Correio: Projeto de vereador tenta criminalizar atuação de flanelinhas em Salvador

De um lado,
proprietários de automóveis que se sentem vítimas cada vez que precisam
estacionar nas vias de Salvador. Do outro, flanelinhas com liberdade para agir
em uma cidade mal preparada para absorver os quase 750 mil veículos que se
espremem na luta por um lugar em espaços públicos sem fiscalização e ordem. No
meio, um vereador que pretende criminalizar a ação de guardadores clandestinos
de carro na capital, mesmo que a ideia possa esbarrar na Constituição.
Recentemente, o
vereador Batista Neves (PMDB) apresentou à Câmara um projeto de lei para coibir
a prática na cidade e iniciou a busca por apoio de colegas do parlamento. Ao
mesmo tempo, vem tentando mobilizar a opinião pública em torno da proposta,
Caso consiga, a atuação dos flanelinhas nas vias públicas soteropolitanas pode
caminhar para o fim.
“Tenho ouvido queixas
de pessoas que vão estacionar os carros na cidade e têm uma dificuldade enorme.

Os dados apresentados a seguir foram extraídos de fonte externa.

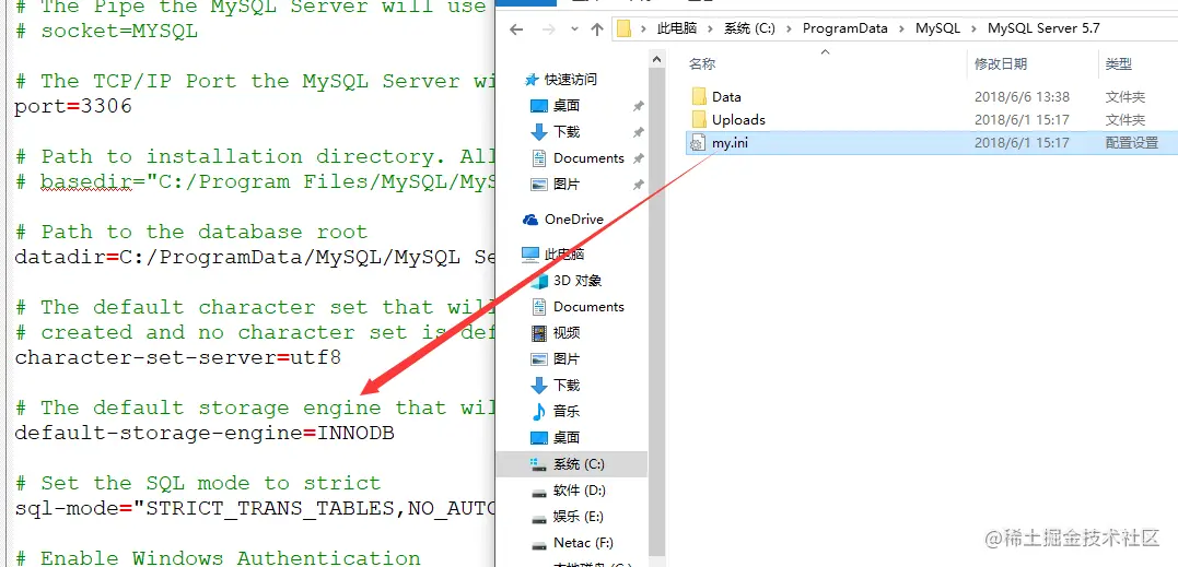 需要注意的是客户端设置的存储引擎并不会作用于整个服务器,要作用整个服务器的话则需要更改配置文件。
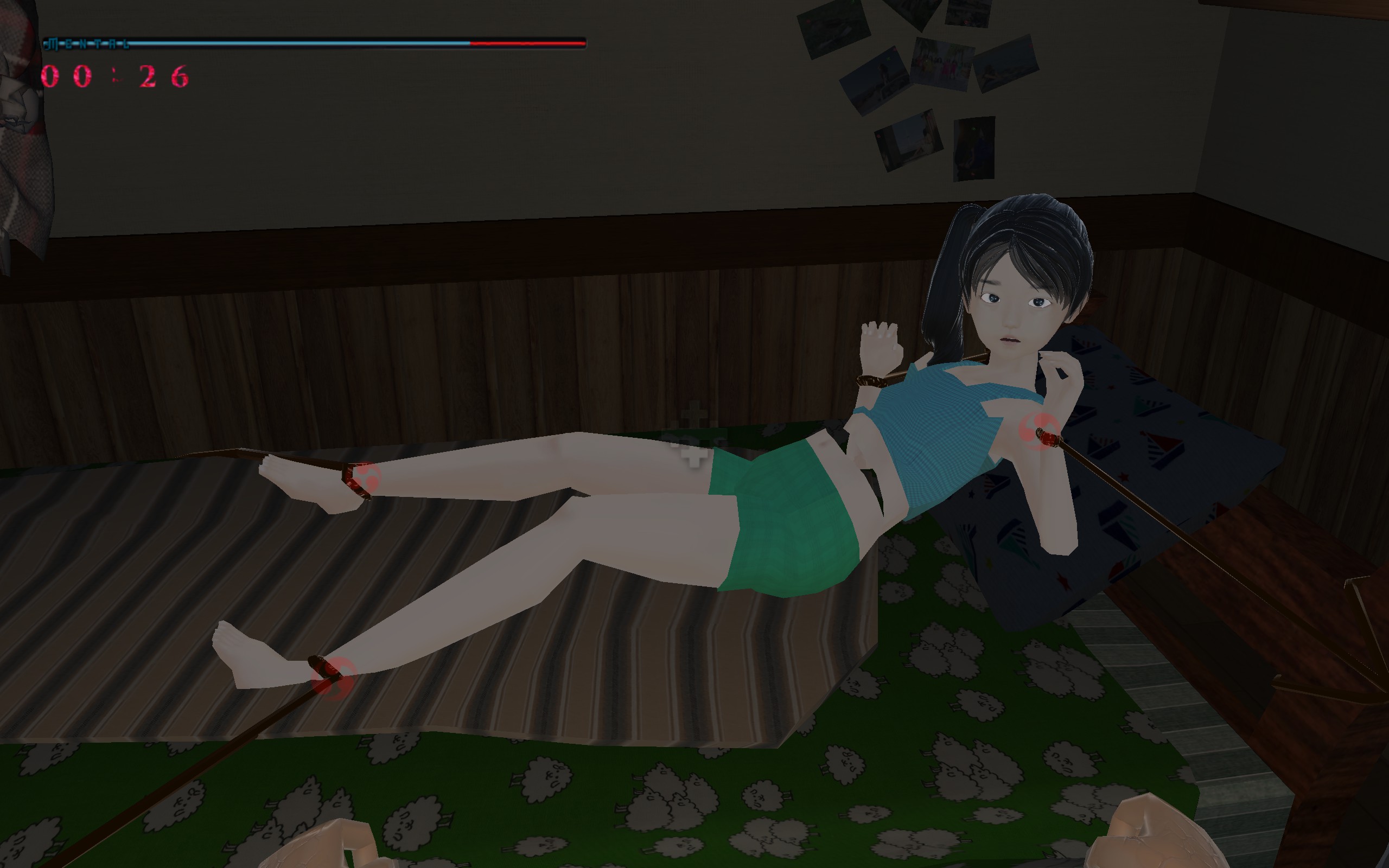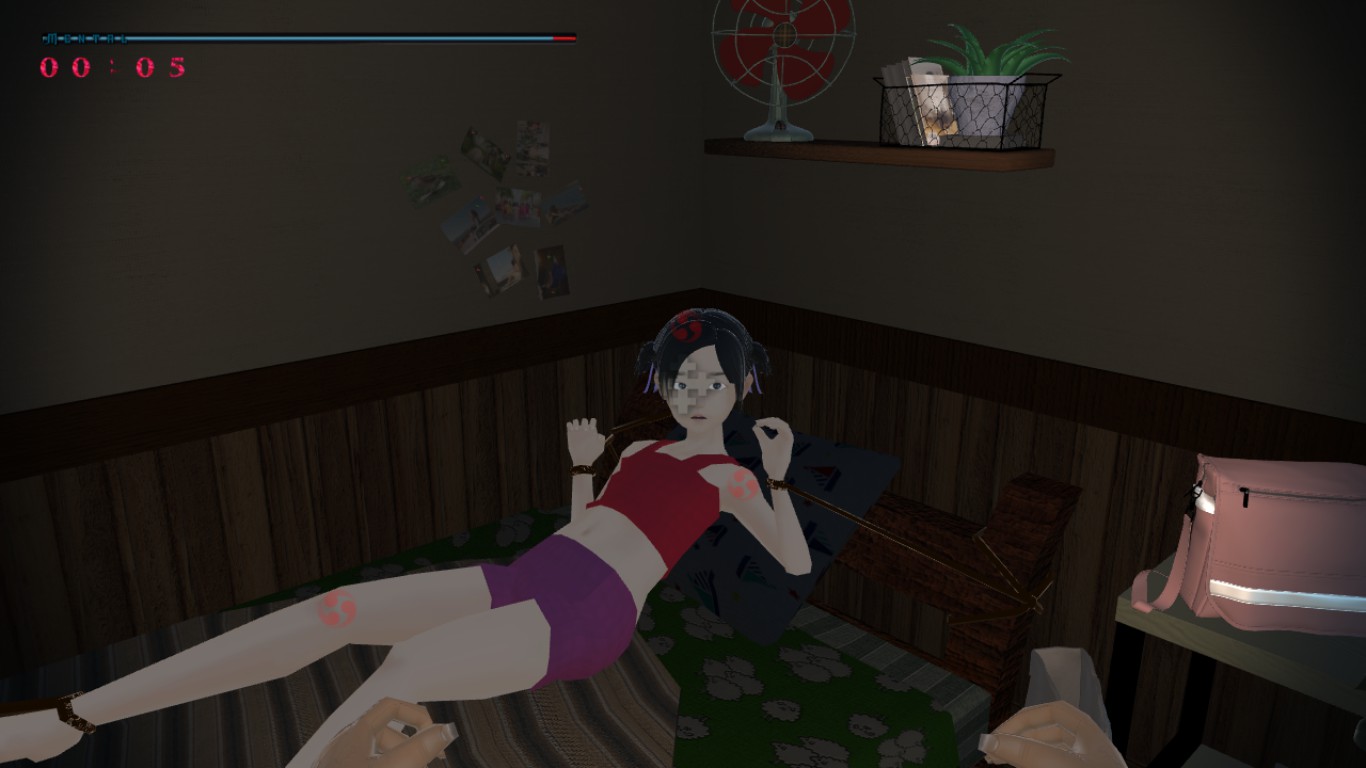 A first-person game that uses a keyboard and mouse to block evil spirits and reassure girl.

Cada lugar desses tem um grupo de proprietários, que cobram antecipadamente
(pelo espaço). Há uma cobrança de forma abusiva e indevida”, destaca o
vereador, que usa como principal justifica relatos dos que se dizem acuados
pelos flanelinhas da cidade.
Relatos que se espalham
pela cidade, narrados ao CORREIO por pessoas que buscam estacionamento pelos
mais diferentes motivos. Gente como a promotora de eventos Juliana Viana, 24
anos. Certa vez, conta, sentiu-se ameaçada por estar sem os R$ 2 para completar
os R$ 10 exigidos pelo flanelinha. “Ele me disse que, se eu não tivesse os 10
reais, teria que retirar o carro da rua em que ele estava. Se eu não retirasse,
seria muito pior”, diz.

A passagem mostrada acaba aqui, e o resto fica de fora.